**Task description:**
Your answer must repeat all of the entries word for word, without any images.

------------------------------------------------------------------------

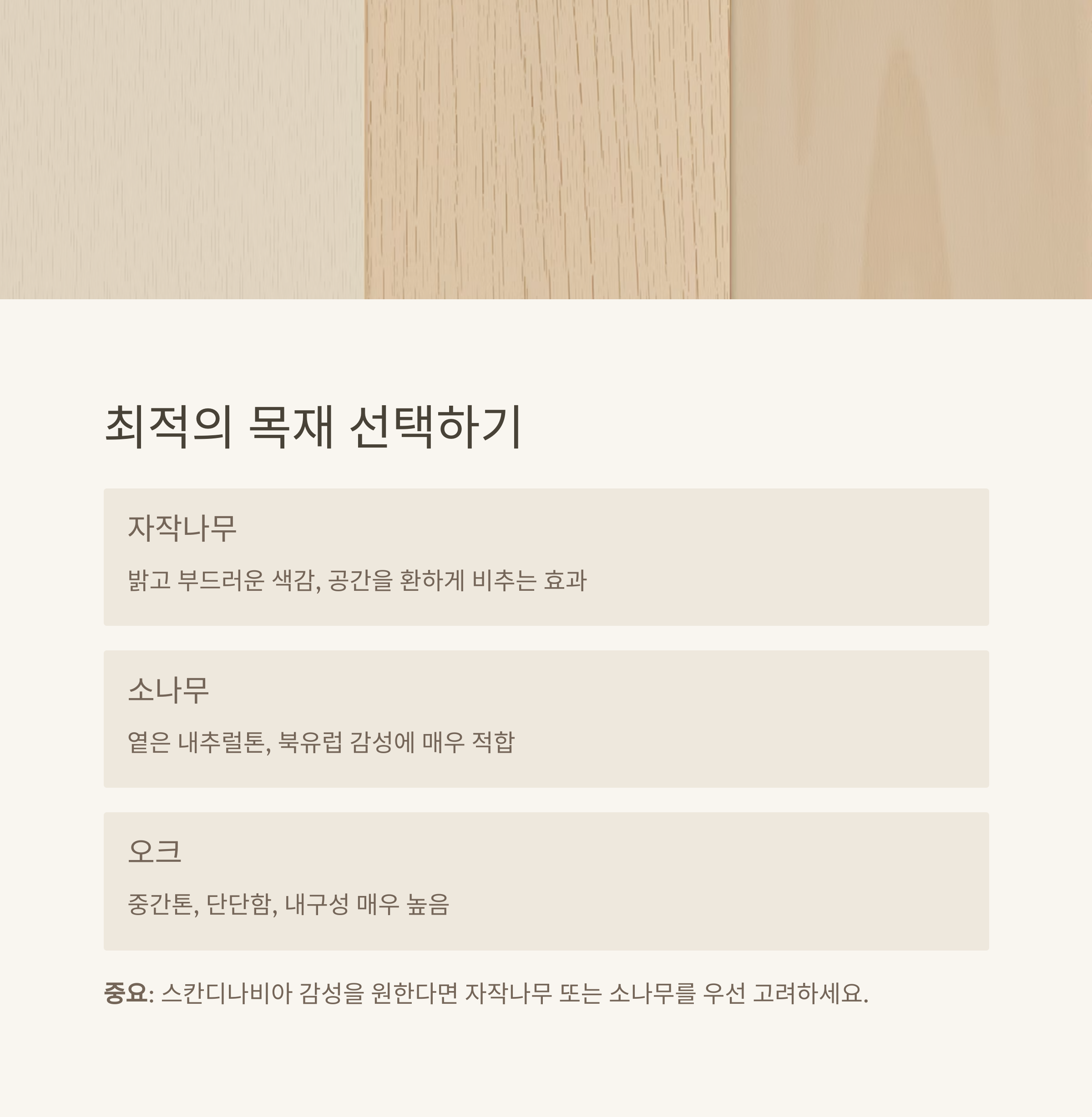 중요: 스칸디나비아 감성을 원한다면 자작나무 또는 소나무를 우선 고려하세요.
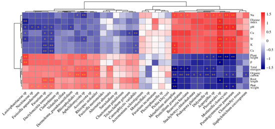 Mantel test analysis revealed significant correlations between the microbial community composition and seven environmental factors, including root length, plant weight, total nitrogen, organic carbon, Na, Ca, and Sr (Supplementary Figure S4). Further, Spearman correlation analysis provided deeper insights into these relationships. It showed that the abundance of pathogenic fungi Fusarium spp. and Dactylonectria torresensis decreased with increasing levels of pH, Cu, Ca, K, and Sr (Figure 8). This indicates that environments with higher pH and elevated mineral content are less conducive to the growth of these pathogens. Additionally, the abundance of symbiotic fungi Metarhizium anisopliae and Beauveria bassiana was inversely correlated with nitrogen and organic carbon (Figure 8). This indicates that high-nutrient conditions, characterized by elevated total nitrogen and organic carbon, may be unfavorable for these symbiotic fungi. Overall, total nitrogen and organic carbon showed significant correlations with the abundance of many fungi (Figure 8), emphasizing the critical role of soil nutrient conditions in regulating fungal community composition and growth.
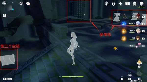 水降下去后,如上图所示来到第一层可发现第三个宝箱(注意上图参考物)
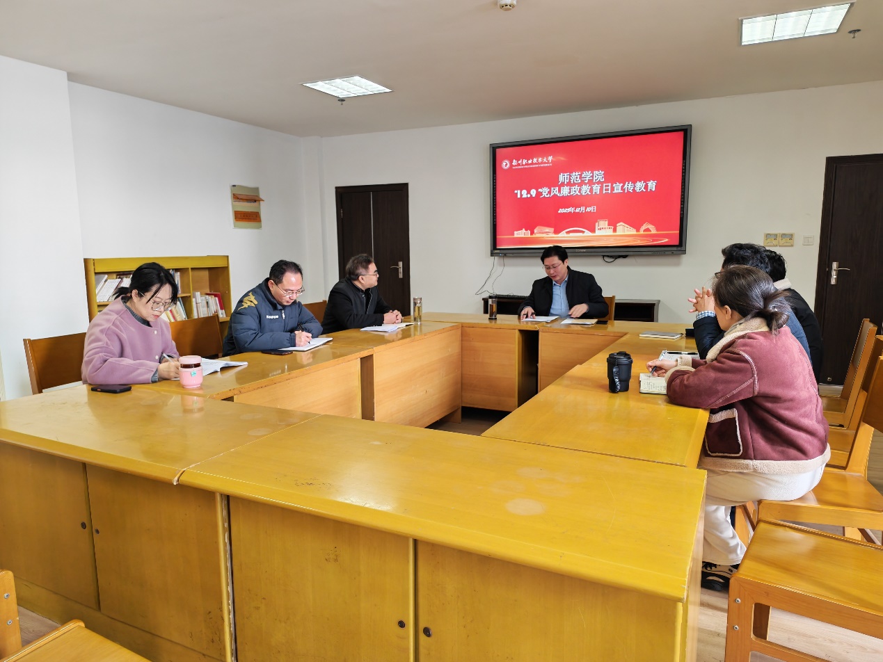 为深入贯彻落实全面从严治党要求,进一步增强党员干部和关键岗位人员的廉洁自律意识和风险防范能力,营造风清气正的育人环境。师范学院党总支于12月10日组织召开了廉政集体谈话暨警示教育会议,会议由党总支书记石继华主持,全体党总支委员参加了会议。
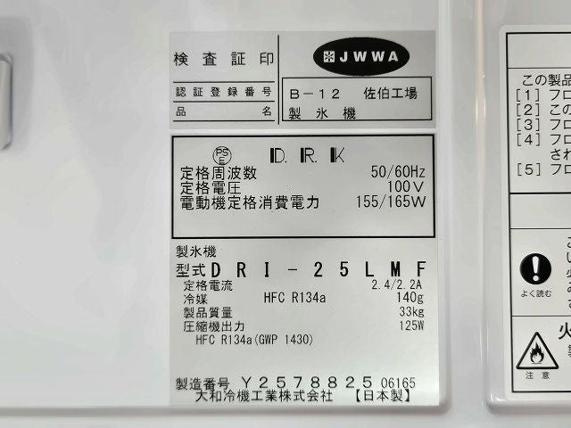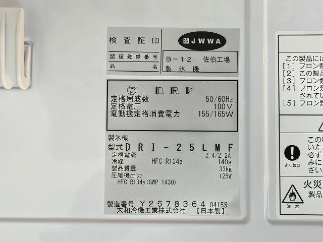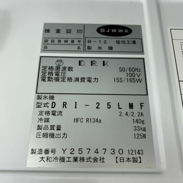 他の画像を見る 2021年製 大和冷機 25kg製氷機 DRI-25LMF 東京町田店 中古品 単相100V 販売価格 ¥ 129,800 税込 SOLD OUT W395xD450xH770商品ランク:B 詳細を見る お気に入りに登録する
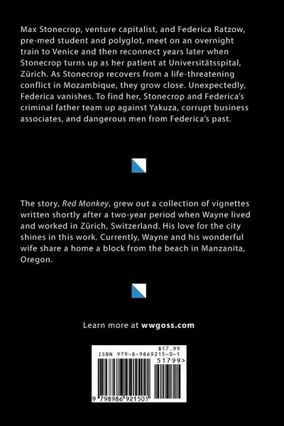 Max Stonecrop, venture capitalist, and Federica Ratzow, pre-med student and polyglot, meet on an overnight train to Venice and then re-connect seven years later when Stonecrop turns up as her patient at Universitätsspital, Zürich. As Stonecrop recovers from a climbing accident and a violent, traumatic experience in Mozambique, they grow close. Federica suddenly vanishes, prompting Stonecrop and Federica's criminal father to team up against Yakuza gangsters, corrupt business associates, and dangerous men from Federica's past.
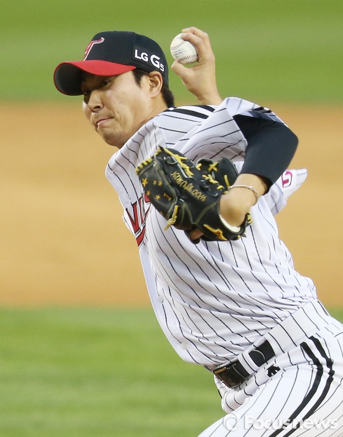 (서울=포커스뉴스) 20일 서울 잠실구장에서 열린 2016 프로야구 NC-LG 경기에서 1회초 LG 선발투수 우규민이 투구하고 있다.
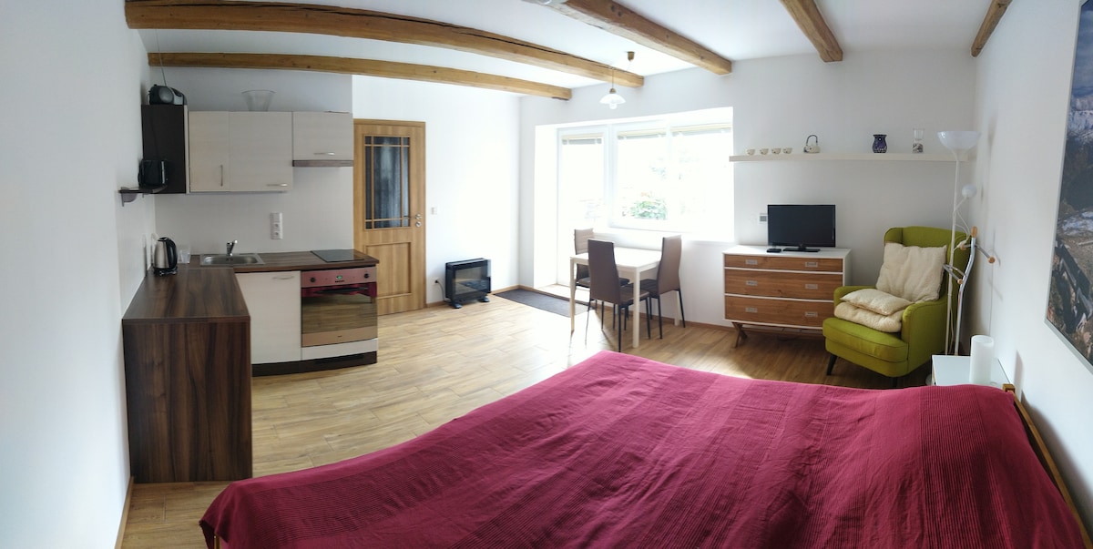 Bagong ayos, kumpletong kagamitan na apartment 1 + KK na may terrace, nakaharap sa bakuran ay matatagpuan sa ika-1 palapag ng bahay. Naa-access ito sa pamamagitan ng hagdan (walang elevator). Kahit na ang bahay ay nasa plaza, tahimik at tahimik ang apartment. Sa loob ng 5 minutong lakad, makikita mo ang kastilyo ng Slavkov na may magandang parke, mga restawran, pastry shop, cafe, wine shop, tindahan, atbp. Mayroon ding golf course, swimming pool at iba pang sports facility sa malapit.
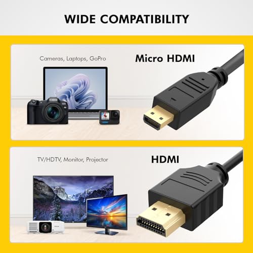 - HDMI 4K RESOLUTION SUPPORT - This Micro-HDMI to HDMI adapter cable can perfectly stream 4K video, including resolutions of 3840x2160, 2560x1600, 2560x1440, 1920x1200, and 1080p – BI-DIRECTIONAL Connectivity: Supports both Micro HDMI to HDMI and HDMI to Micro HDMI connections, enabling seamless streaming from various devices to your HDTV or projector.
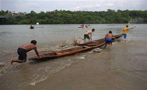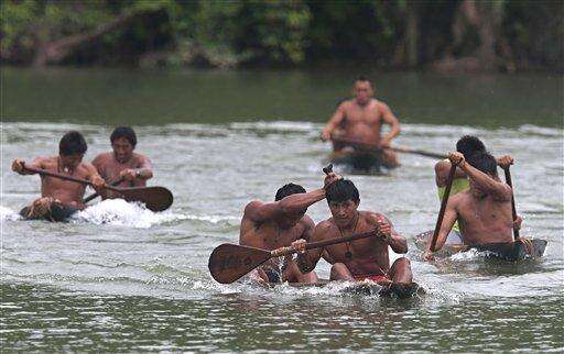 Climaco, front, and teammate Atilinio, Embara indigenous men from Panama, paddle to win the canoeing event at the World Indigenous Games in Palmas, Brazil, Saturday, Oct. 31, 2015. The first edition of the World Indigenous Games, which brought delegates representing first nations from across the globe to a remote outpost in the heart of Brazil, was wrapping up on Saturday after nine days of traditional sports, dancing, trading and inter-cultural exchange. (AP Photo/Eraldo Peres)
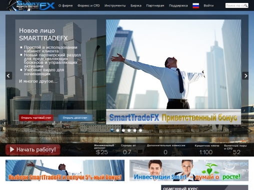 Брокер SmartTradeFX предоставляет своим клиентам отличные условия для торгов!На сайте представлен большой выбор обучающих материалов!Хорошая бонусная политика!Ввод и вывод средств можно осуществлять различными способами!

------------------------------------------------------------------------

**Answer for this exercise:**
 중요: 스칸디나비아 감성을 원한다면 자작나무 또는 소나무를 우선 고려하세요.
 Mantel test analysis revealed significant correlations between the microbial community composition and seven environmental factors, including root length, plant weight, total nitrogen, organic carbon, Na, Ca, and Sr (Supplementary Figure S4). Further, Spearman correlation analysis provided deeper insights into these relationships. It showed that the abundance of pathogenic fungi Fusarium spp. and Dactylonectria torresensis decreased with increasing levels of pH, Cu, Ca, K, and Sr (Figure 8). This indicates that environments with higher pH and elevated mineral content are less conducive to the growth of these pathogens. Additionally, the abundance of symbiotic fungi Metarhizium anisopliae and Beauveria bassiana was inversely correlated with nitrogen and organic carbon (Figure 8). This indicates that high-nutrient conditions, characterized by elevated total nitrogen and organic carbon, may be unfavorable for these symbiotic fungi. Overall, total nitrogen and organic carbon showed significant correlations with the abundance of many fungi (Figure 8), emphasizing the critical role of soil nutrient conditions in regulating fungal community composition and growth.
 水降下去后,如上图所示来到第一层可发现第三个宝箱(注意上图参考物)
 为深入贯彻落实全面从严治党要求,进一步增强党员干部和关键岗位人员的廉洁自律意识和风险防范能力,营造风清气正的育人环境。师范学院党总支于12月10日组织召开了廉政集体谈话暨警示教育会议,会议由党总支书记石继华主持,全体党总支委员参加了会议。
 他の画像を見る 2021年製 大和冷機 25kg製氷機 DRI-25LMF 東京町田店 中古品 単相100V 販売価格 ¥ 129,800 税込 SOLD OUT W395xD450xH770商品ランク:B 詳細を見る お気に入りに登録する
 Max Stonecrop, venture capitalist, and Federica Ratzow, pre-med student and polyglot, meet on an overnight train to Venice and then re-connect seven years later when Stonecrop turns up as her patient at Universitätsspital, Zürich. As Stonecrop recovers from a climbing accident and a violent, traumatic experience in Mozambique, they grow close. Federica suddenly vanishes, prompting Stonecrop and Federica's criminal father to team up against Yakuza gangsters, corrupt business associates, and dangerous men from Federica's past.
 (서울=포커스뉴스) 20일 서울 잠실구장에서 열린 2016 프로야구 NC-LG 경기에서 1회초 LG 선발투수 우규민이 투구하고 있다.
 Bagong ayos, kumpletong kagamitan na apartment 1 + KK na may terrace, nakaharap sa bakuran ay matatagpuan sa ika-1 palapag ng bahay. Naa-access ito sa pamamagitan ng hagdan (walang elevator). Kahit na ang bahay ay nasa plaza, tahimik at tahimik ang apartment. Sa loob ng 5 minutong lakad, makikita mo ang kastilyo ng Slavkov na may magandang parke, mga restawran, pastry shop, cafe, wine shop, tindahan, atbp. Mayroon ding golf course, swimming pool at iba pang sports facility sa malapit.
 - HDMI 4K RESOLUTION SUPPORT - This Micro-HDMI to HDMI adapter cable can perfectly stream 4K video, including resolutions of 3840x2160, 2560x1600, 2560x1440, 1920x1200, and 1080p – BI-DIRECTIONAL Connectivity: Supports both Micro HDMI to HDMI and HDMI to Micro HDMI connections, enabling seamless streaming from various devices to your HDTV or projector.
 Climaco, front, and teammate Atilinio, Embara indigenous men from Panama, paddle to win the canoeing event at the World Indigenous Games in Palmas, Brazil, Saturday, Oct. 31, 2015. The first edition of the World Indigenous Games, which brought delegates representing first nations from across the globe to a remote outpost in the heart of Brazil, was wrapping up on Saturday after nine days of traditional sports, dancing, trading and inter-cultural exchange. (AP Photo/Eraldo Peres)
 Брокер SmartTradeFX предоставляет своим клиентам отличные условия для торгов!На сайте представлен большой выбор обучающих материалов!Хорошая бонусная политика!Ввод и вывод средств можно осуществлять различными способами!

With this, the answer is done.